そんな辛い時期でも「ミラクルペイントを使って、相手の国の国旗を顔に書いていたら、海外の人にたくさんハグされました!」なんて声をいただいたりして、うれしかったです。フェイスペイントをして、“いつもとはちょっと違う私”の楽しさを知ってもらいたいですね。

販売してから11年、次にもまた買ってくれるところが多く、リピーターが多い商品だということは、誇れることだなぁと感じています。

子どもからの人気は絶大!

何よりの魅力は、肌と肌で触れ合えること。「ちょっと手の甲を貸してもらえますか?」と平野さん。

こうやって絵の具があるから不自然じゃないですけど、絵の具がなかったら僕はただの変なおじさんになっちゃうでしょ。初対面でも、こうやって、肌と肌を触れ合えることができるってところがポイントです。ぜひ指で書いてほしいですね。

ミラクルペイントで書いてもらいました。

失敗も、かけがえのない大切な体験

ワールドカップをきっかけに、スポーツの応援シーンをより楽しく、よりエキサイティングにしようと誕生した「ミラクルペイント」ですが、実はフェイスペイント以外の活用方法もあります。

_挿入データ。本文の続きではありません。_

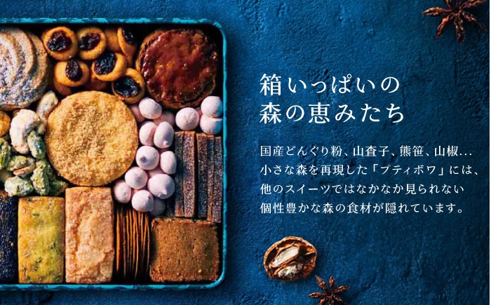 国産どんぐり粉、山査子、熊笹、山椒など小さな森を再現した「プティボワ」には個性豊かな森の食材が隠れています。

布に描くと洗濯しても落ちない特徴をいかして、オリジナルのTシャツやバッグ作りにも向いています。指を囲むようにして塗ってはがすと指輪ができたり、はがしたペイント材をまるめると、スーパーボールになって、はずませて遊ぶことも!

小さいお子様をお持ちのお母さんが、「子どもの靴下の裏にペイントして滑り止めとして使いました!」という方がいらっしゃって、お母さんたちの知恵って本当にすごいなぁって驚かされましたよ。

夢中な子どもたち

そんな無限の可能性を秘めるミラクルペイントを活用して、「親子で描きあうフェイスペイントのワークショップ」や、「親子でつくるエコバック・Tシャツづくり」など数々のイベントを仕掛ける中で、平野さんは「心配に思うことがある」と言います。

ワークショップは、子どもたちの創造力・表現力を引き出すことが目的なのですが、親御さんがたまらず「ああしなさい」とか「こっちの色の方がいいでしょ」と、すぐに口や手を出してしまう人がいるんですね。そうすると、子どもの無限の可能性をつんでしまうのではないかって。

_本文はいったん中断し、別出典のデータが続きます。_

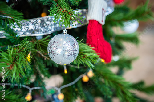 Merry x-mas,Close up of Colorful balls ,gifts box and Christmas greeting picture parcel,bell decoration on Green Christmas tree background Decoration During Christmas and New Year.

「失敗をすると怒られる」「本当はこうしたいけど、怒られるのはいやだ」という体験を積み重ねていくと、「失敗したくない」「怒られたくない」との想いから「行動する子ども」が減ってしまうのではないかと気になっています。もっともっと失敗を、「かけがいの体験」と賞賛してあげてほしいですね。

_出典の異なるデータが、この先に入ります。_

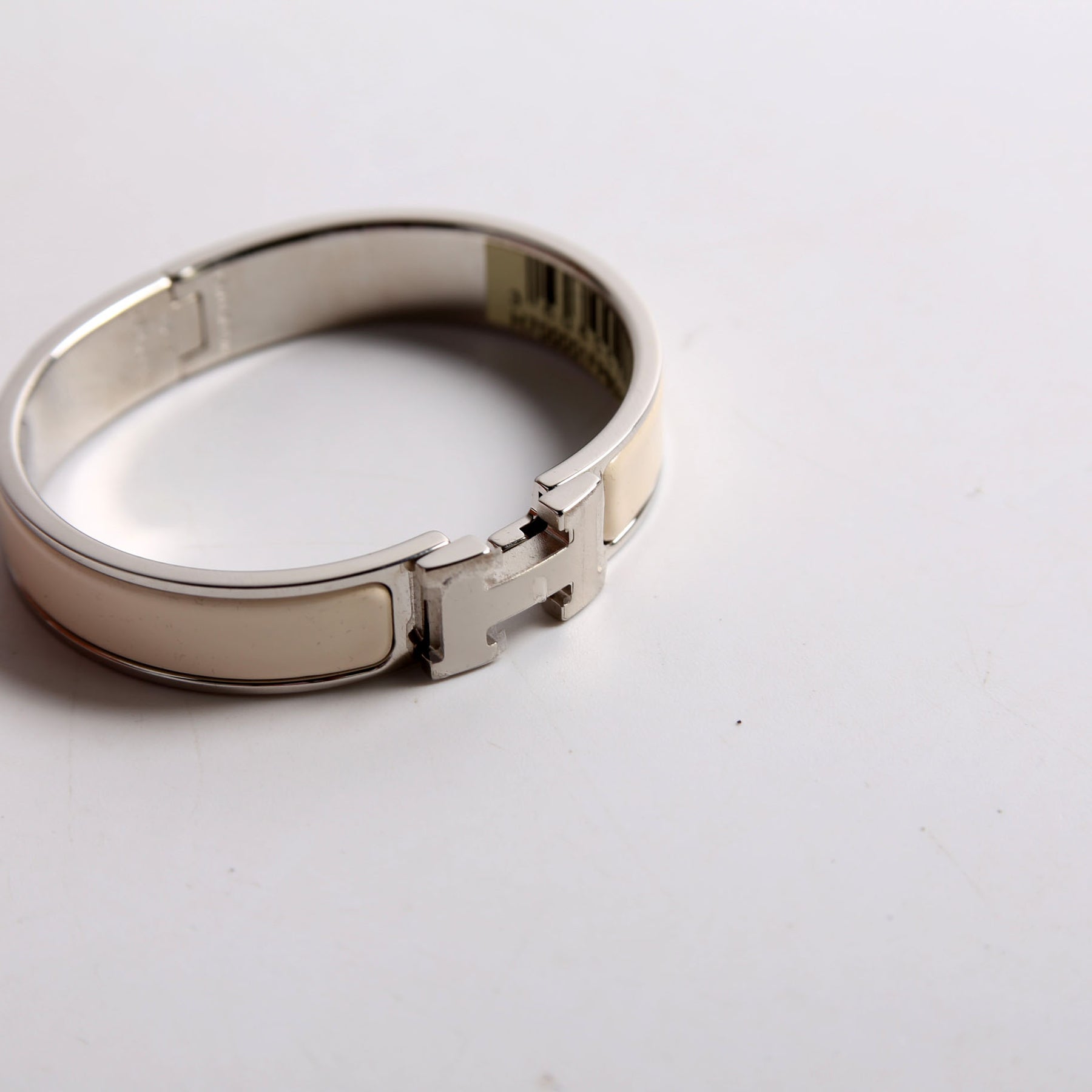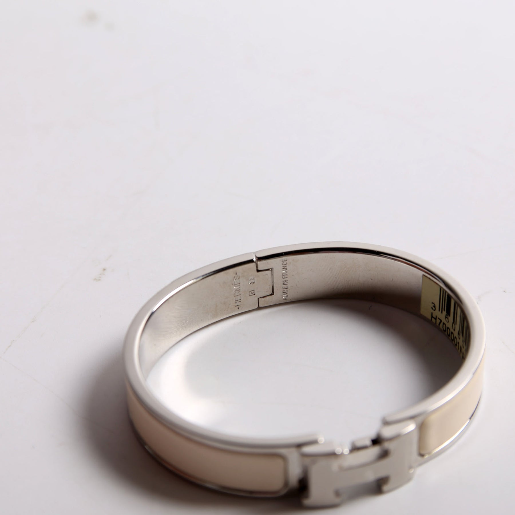 This pre-owned Hermes Clic Clac Narrow PM Bracelet is guaranteed 100% authentic.

失敗の体験があるからこそ、うまくいったときの喜びを味わえる。失敗を繰り返しながら、小さな成功体験を積み重ねることで、自信をつけ、自分のことを好きになることができる。それが「自己肯定感を育むことにつながる」と平野さんは考えています。

学習して知識を得るよりも、体験してほしい。僕もこれまでやってきたこととか、“世界初のものを”とチャレンジしてきたのもあって、失敗することを考えていたら、何もできなかったと思うんです。子どもたちには「失敗したのか。よかったなぁ」って言ってあげたいですね。

失敗も含めていろんなことを体験したからこそ、自分ならではのボキャブラリーとなり、それが人の心に響く言葉にるのでしょう。どんどん失敗してもOKな「ミラクルペイント」で、一緒に遊んでみませんか?